### Work task
Beginning with the line containing "- Accessible forms" and going on through the line containing "DOC) CONTOH TUGAS", the lines below are to be returned exactly, pictures excluded and nothing added.

[Stored dataset items]
+++
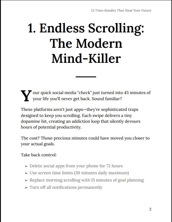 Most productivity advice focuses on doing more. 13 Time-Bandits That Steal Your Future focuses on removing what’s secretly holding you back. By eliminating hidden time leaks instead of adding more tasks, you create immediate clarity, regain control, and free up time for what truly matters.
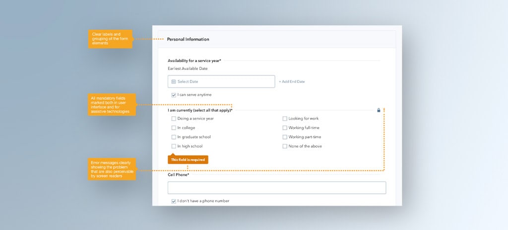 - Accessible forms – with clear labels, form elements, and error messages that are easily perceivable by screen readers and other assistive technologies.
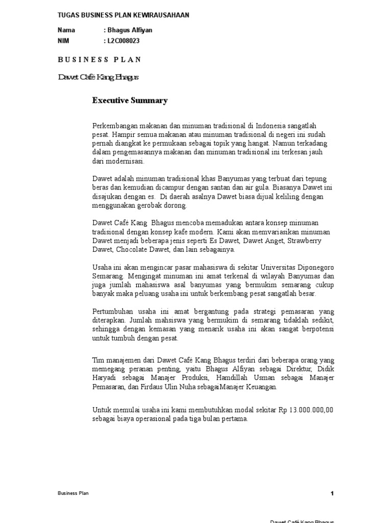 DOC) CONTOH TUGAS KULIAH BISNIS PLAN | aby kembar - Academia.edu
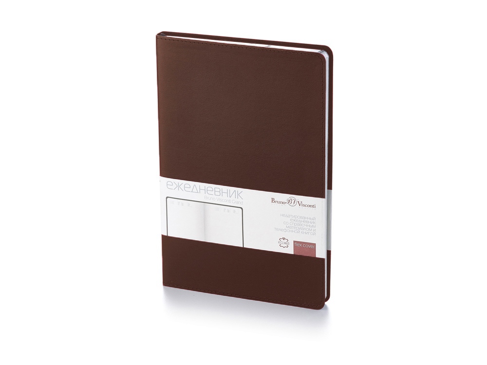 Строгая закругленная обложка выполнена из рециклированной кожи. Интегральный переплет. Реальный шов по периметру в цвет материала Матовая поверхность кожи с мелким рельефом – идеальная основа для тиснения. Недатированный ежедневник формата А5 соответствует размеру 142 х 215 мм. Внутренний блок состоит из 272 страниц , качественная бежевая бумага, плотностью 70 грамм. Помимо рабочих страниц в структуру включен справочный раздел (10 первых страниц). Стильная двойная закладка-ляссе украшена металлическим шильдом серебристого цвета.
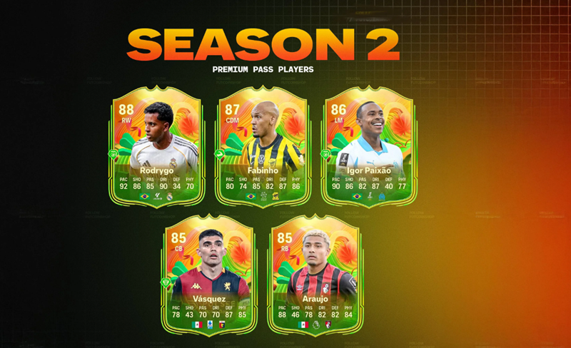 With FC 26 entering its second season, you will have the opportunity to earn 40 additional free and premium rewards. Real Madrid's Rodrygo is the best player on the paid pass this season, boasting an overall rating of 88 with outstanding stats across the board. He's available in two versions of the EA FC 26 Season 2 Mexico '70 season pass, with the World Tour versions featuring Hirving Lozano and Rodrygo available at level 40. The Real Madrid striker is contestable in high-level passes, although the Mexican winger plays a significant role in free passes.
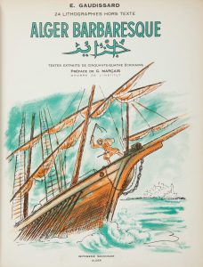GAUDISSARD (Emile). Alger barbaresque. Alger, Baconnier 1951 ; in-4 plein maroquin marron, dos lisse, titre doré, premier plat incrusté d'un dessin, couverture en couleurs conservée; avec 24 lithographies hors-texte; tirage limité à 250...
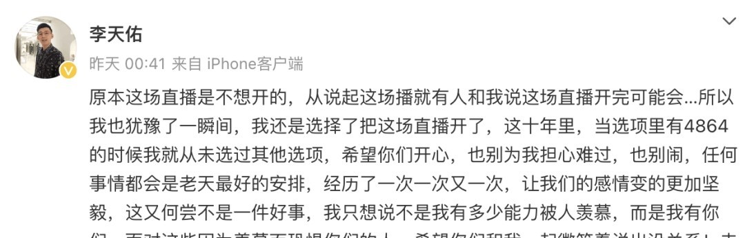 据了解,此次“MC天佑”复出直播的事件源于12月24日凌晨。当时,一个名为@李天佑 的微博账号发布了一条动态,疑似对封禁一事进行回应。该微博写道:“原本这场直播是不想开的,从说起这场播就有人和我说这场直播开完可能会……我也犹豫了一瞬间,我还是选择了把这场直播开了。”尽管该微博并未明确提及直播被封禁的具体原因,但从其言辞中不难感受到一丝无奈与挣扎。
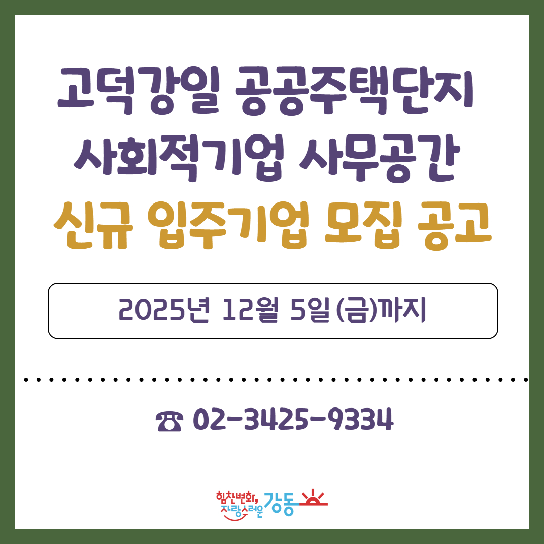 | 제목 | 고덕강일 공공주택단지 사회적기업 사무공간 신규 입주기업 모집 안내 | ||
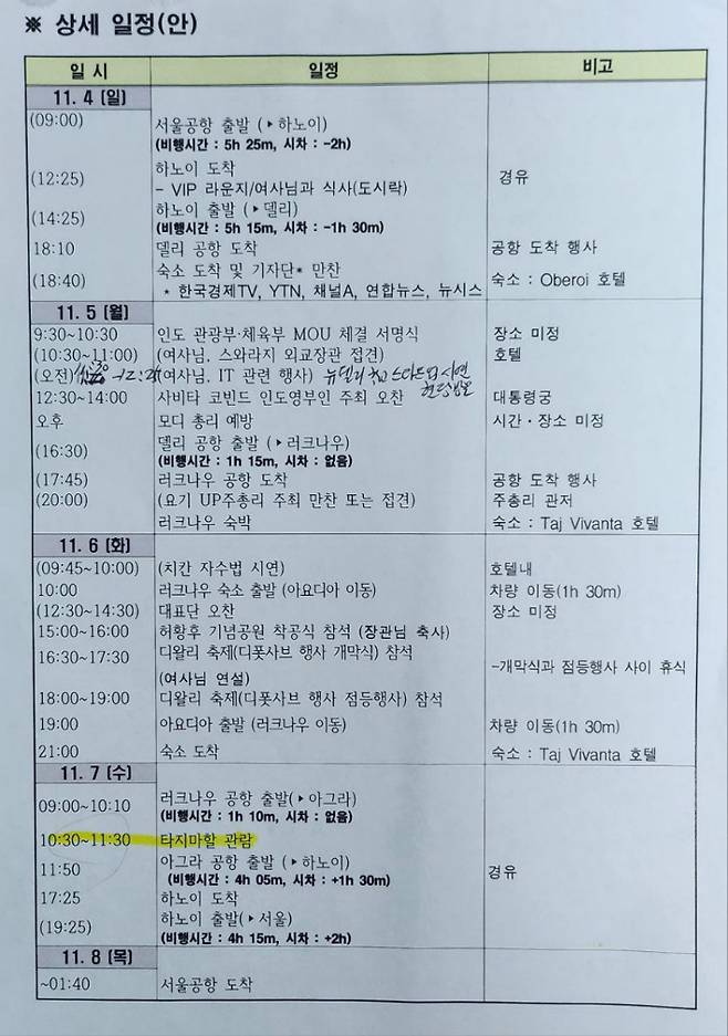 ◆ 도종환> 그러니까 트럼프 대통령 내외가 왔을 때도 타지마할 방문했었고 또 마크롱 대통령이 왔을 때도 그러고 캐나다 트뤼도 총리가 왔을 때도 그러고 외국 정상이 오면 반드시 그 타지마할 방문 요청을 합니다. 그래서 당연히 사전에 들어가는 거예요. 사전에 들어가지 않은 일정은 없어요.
+++
### Result below
 - Accessible forms – with clear labels, form elements, and error messages that are easily perceivable by screen readers and other assistive technologies.
 DOC) CONTOH TUGAS KULIAH BISNIS PLAN | aby kembar - Academia.edu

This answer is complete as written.